Source records:
--- START ---

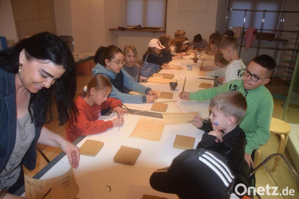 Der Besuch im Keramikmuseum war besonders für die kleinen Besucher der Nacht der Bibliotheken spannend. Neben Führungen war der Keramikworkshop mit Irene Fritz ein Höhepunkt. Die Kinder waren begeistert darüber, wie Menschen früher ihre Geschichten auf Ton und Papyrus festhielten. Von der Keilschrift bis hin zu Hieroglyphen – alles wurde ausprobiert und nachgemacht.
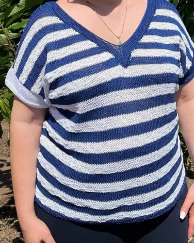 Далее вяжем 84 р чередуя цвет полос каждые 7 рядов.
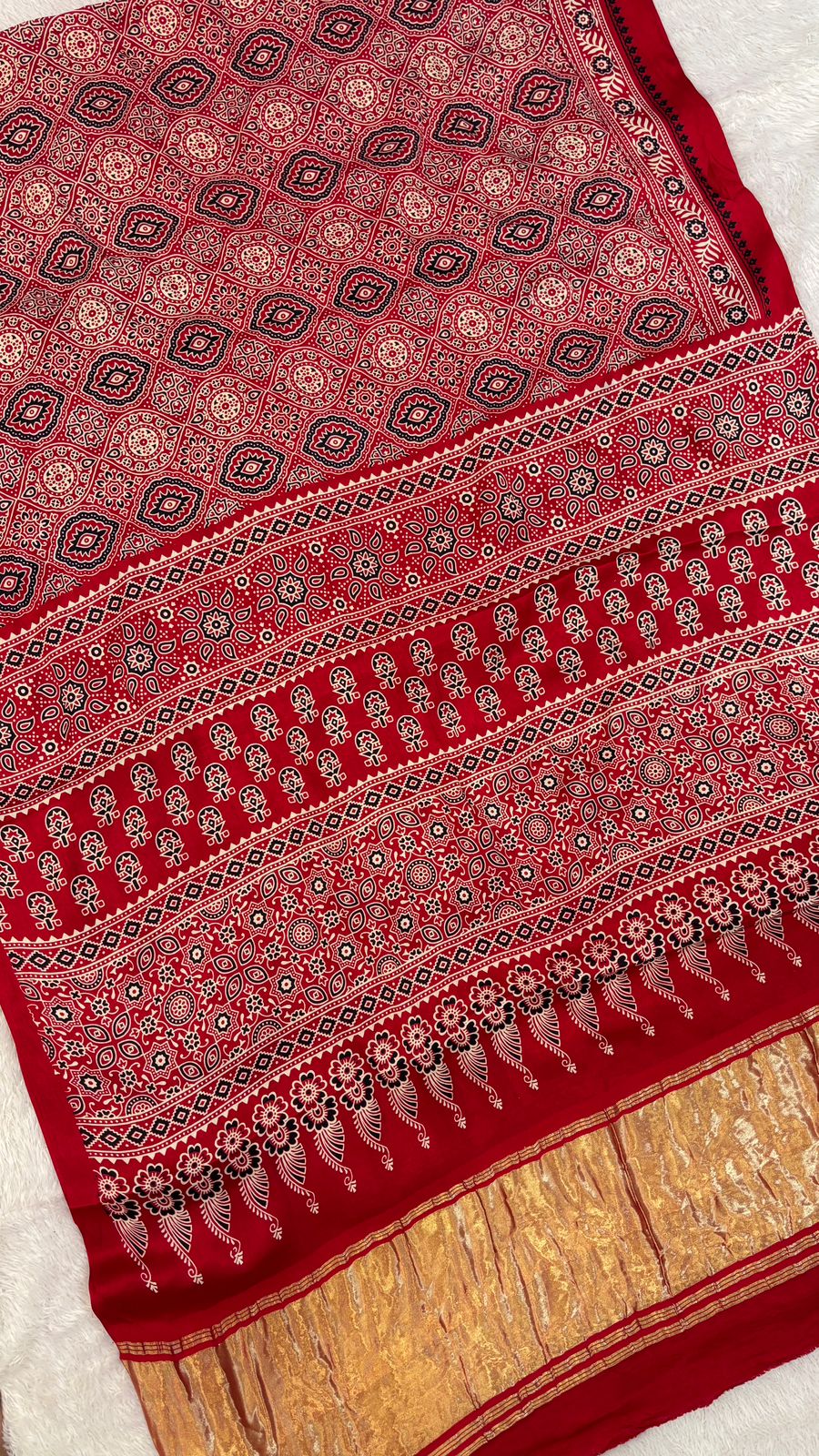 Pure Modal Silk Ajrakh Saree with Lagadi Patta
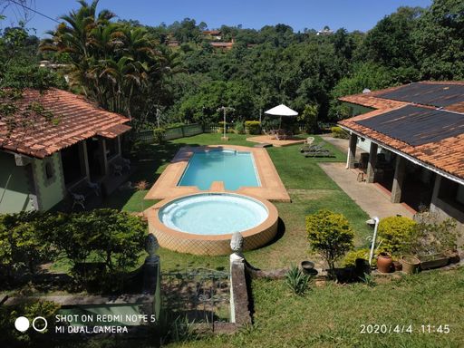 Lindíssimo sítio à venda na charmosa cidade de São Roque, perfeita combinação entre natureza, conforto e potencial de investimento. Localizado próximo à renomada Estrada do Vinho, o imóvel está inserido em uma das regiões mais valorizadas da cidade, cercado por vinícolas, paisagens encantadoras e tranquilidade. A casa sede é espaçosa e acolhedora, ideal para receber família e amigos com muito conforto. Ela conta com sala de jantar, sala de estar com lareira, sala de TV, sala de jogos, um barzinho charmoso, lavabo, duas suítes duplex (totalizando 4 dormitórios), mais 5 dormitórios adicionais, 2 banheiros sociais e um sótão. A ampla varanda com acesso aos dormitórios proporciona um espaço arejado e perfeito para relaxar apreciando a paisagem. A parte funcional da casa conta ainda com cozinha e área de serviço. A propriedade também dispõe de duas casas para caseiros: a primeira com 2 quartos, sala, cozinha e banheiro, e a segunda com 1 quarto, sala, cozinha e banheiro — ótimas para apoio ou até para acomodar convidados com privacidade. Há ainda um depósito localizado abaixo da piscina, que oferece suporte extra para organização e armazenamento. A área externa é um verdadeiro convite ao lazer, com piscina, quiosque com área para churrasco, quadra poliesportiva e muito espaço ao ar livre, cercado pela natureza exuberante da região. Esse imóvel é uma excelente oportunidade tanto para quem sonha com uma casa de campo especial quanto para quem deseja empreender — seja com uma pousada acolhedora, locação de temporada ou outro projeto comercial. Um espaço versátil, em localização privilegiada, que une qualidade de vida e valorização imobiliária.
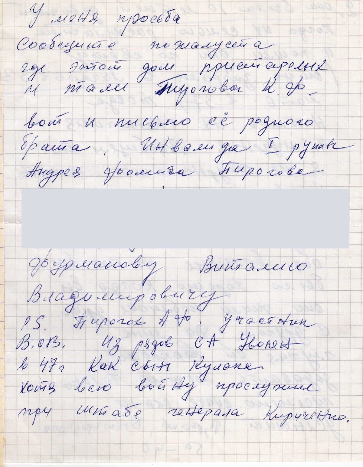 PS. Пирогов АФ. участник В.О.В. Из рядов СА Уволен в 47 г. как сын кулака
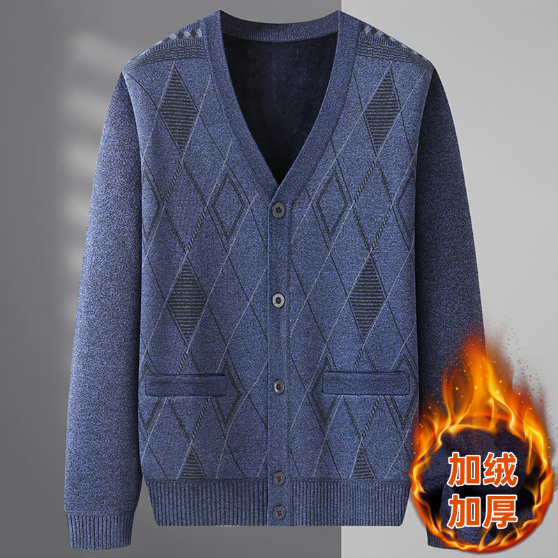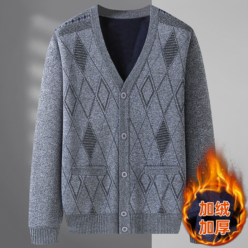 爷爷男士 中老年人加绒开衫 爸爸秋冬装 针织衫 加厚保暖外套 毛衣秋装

--- END ---

■ **Assignment**
Leave out any pictures and return exactly the lines from the beginning of the data through the line with "Pure Modal Silk", inclusive.

■ **Answer box**
 Der Besuch im Keramikmuseum war besonders für die kleinen Besucher der Nacht der Bibliotheken spannend. Neben Führungen war der Keramikworkshop mit Irene Fritz ein Höhepunkt. Die Kinder waren begeistert darüber, wie Menschen früher ihre Geschichten auf Ton und Papyrus festhielten. Von der Keilschrift bis hin zu Hieroglyphen – alles wurde ausprobiert und nachgemacht.
 Далее вяжем 84 р чередуя цвет полос каждые 7 рядов.
 Pure Modal Silk Ajrakh Saree with Lagadi Patta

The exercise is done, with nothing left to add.